Forty-one cases of child sexual exploitation in Doncaster have been reported to police in just five months, according to new figures.
In the wake of last year’s independent Jay report – which revealed at least 1,400 children had been sexually abused in Rotherham over 16 years – Doncaster police said they had received 41 reports about child sexual exploitation (CSE) related offences.
A South Yorkshire Police spokesman said tackling CSE offences in Doncaster and across the region was a ‘priority’ for the force.
He said: “We are now operating with a deeper understanding of child sexual exploitation.
“We are acutely aware of the grooming process and the impact it has on a child. It leads the victim to view the behaviour as normal and not recognise themselves as victims.
“The cruel process used by groomers encourages the victims to return to them – this is not consent and will not be deemed as such by South Yorkshire Police.

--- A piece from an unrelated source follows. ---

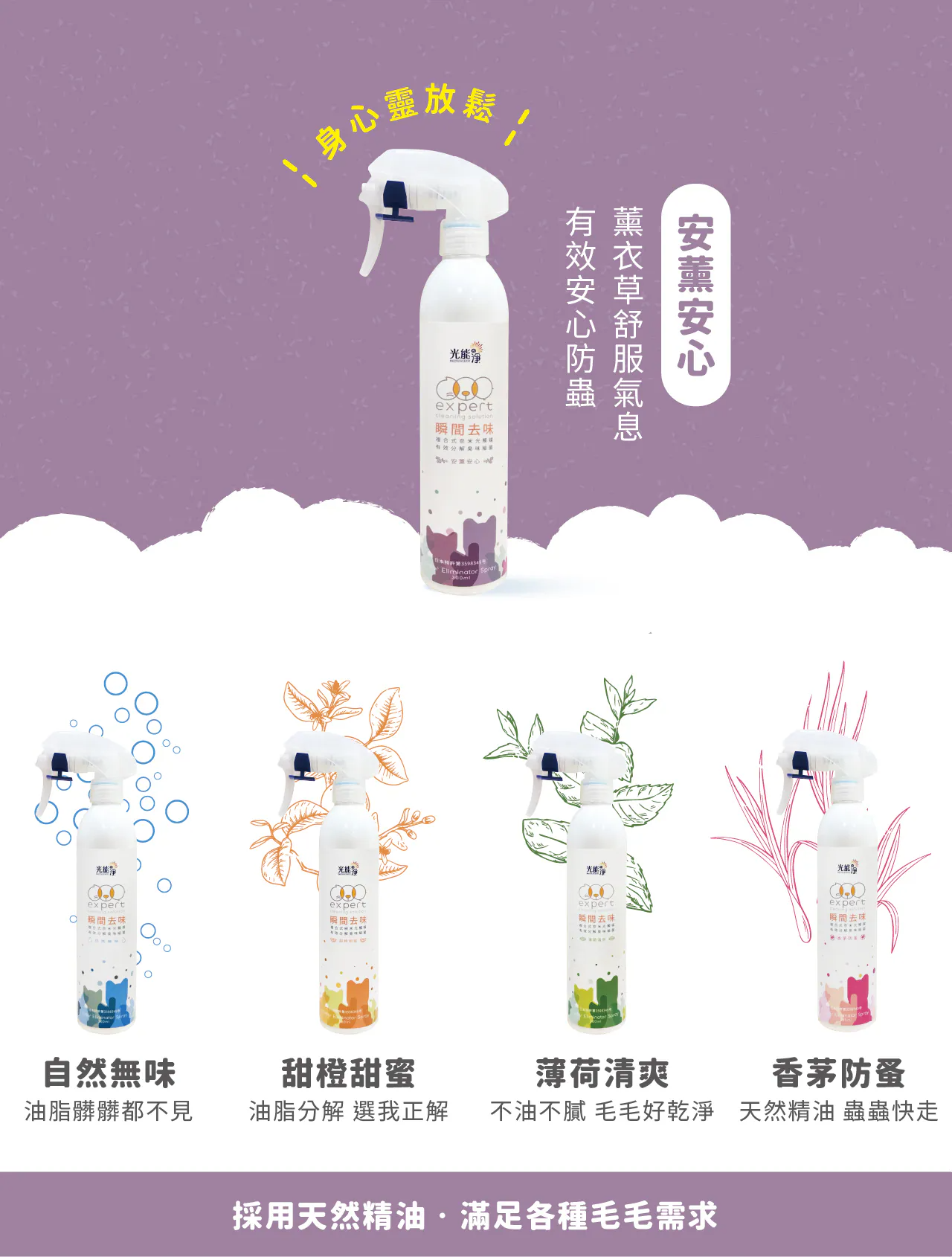 光能淨|毛毛專用!瞬間去味噴劑300ml-安心薰衣草

“We treat child sexual exploitation with the utmost sensitivity and would urge anyone who has concerns about a child who could be at risk to come forward.

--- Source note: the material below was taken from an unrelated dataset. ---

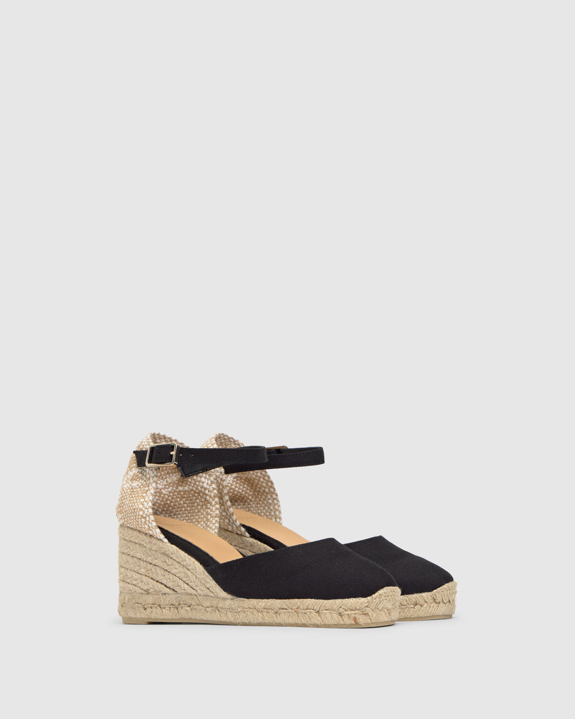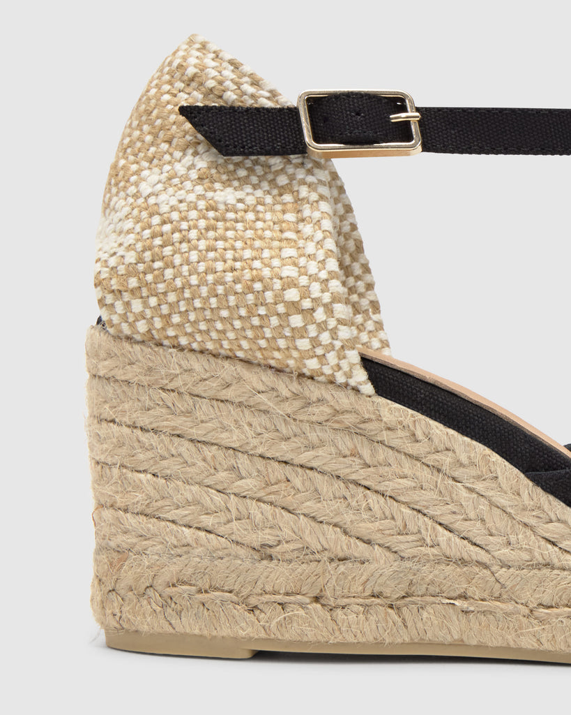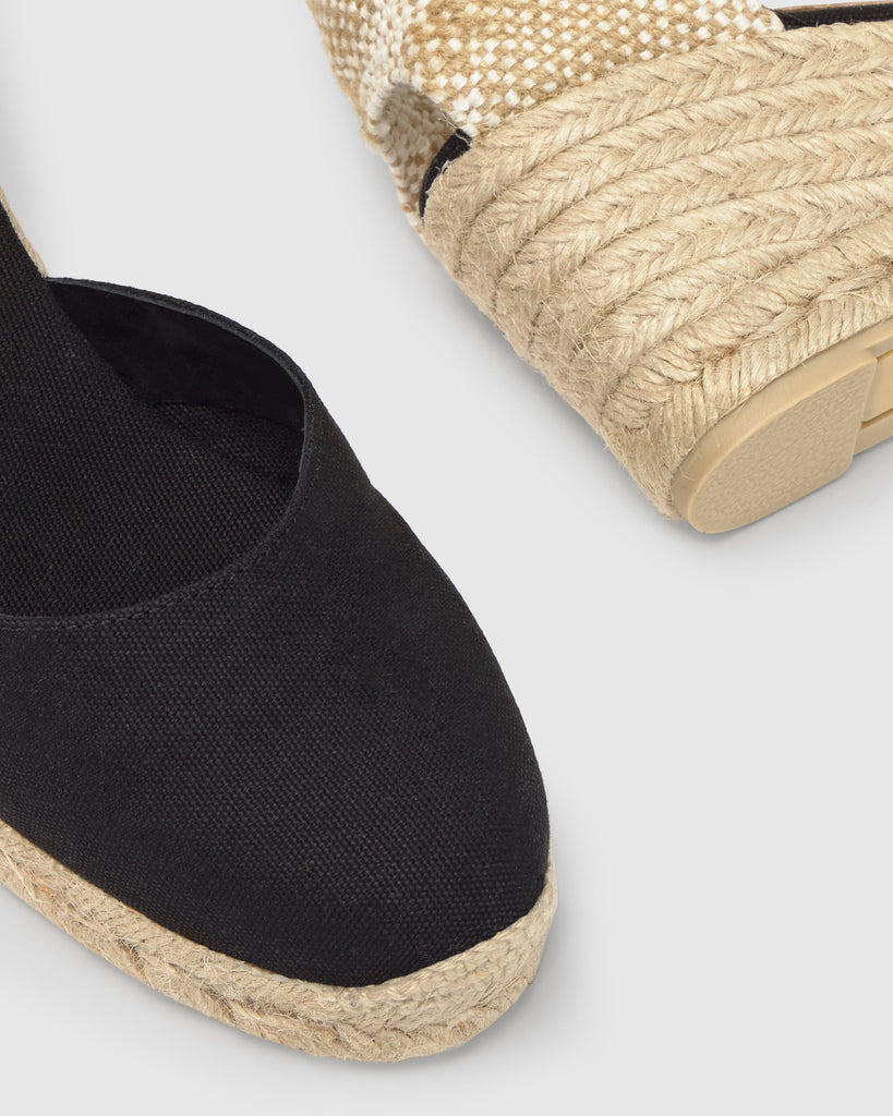 Icónica alpargata Carol en algodón orgánico con cierre de pulsera, plantilla acolchada y cuña de yute de 7 cm.

“We want to encourage and empower them to come forward to report the dreadful crimes committed against them in the confidence that they will be listened to, they will be taken seriously, and that support and care is available.”
The reports were made between the publication of the report last August and the end of January.
The figures come as Doncaster Council members were due to discuss the authority’s strategy for tackling CSE at a meeting today.
A report due to go before councillors says 15 CSE prosecutions have been made in Doncaster since January 2014.
In addition, the report states that between January 1 and November 26, last year, the council received 170 ‘sexual exploitation’ referrals, with 123 now classed as ‘closed’.
However, the council also admits the number of referrals made ‘does not fully reflect the incidence of CSE in the area’.
The authority has stated it expects to receive more referrals as data and intelligence improves and its outreach work enables the community to become more confident in ‘recognising and reporting risk’.
No-one from the authority or Doncaster Children’s Trust was available for comment.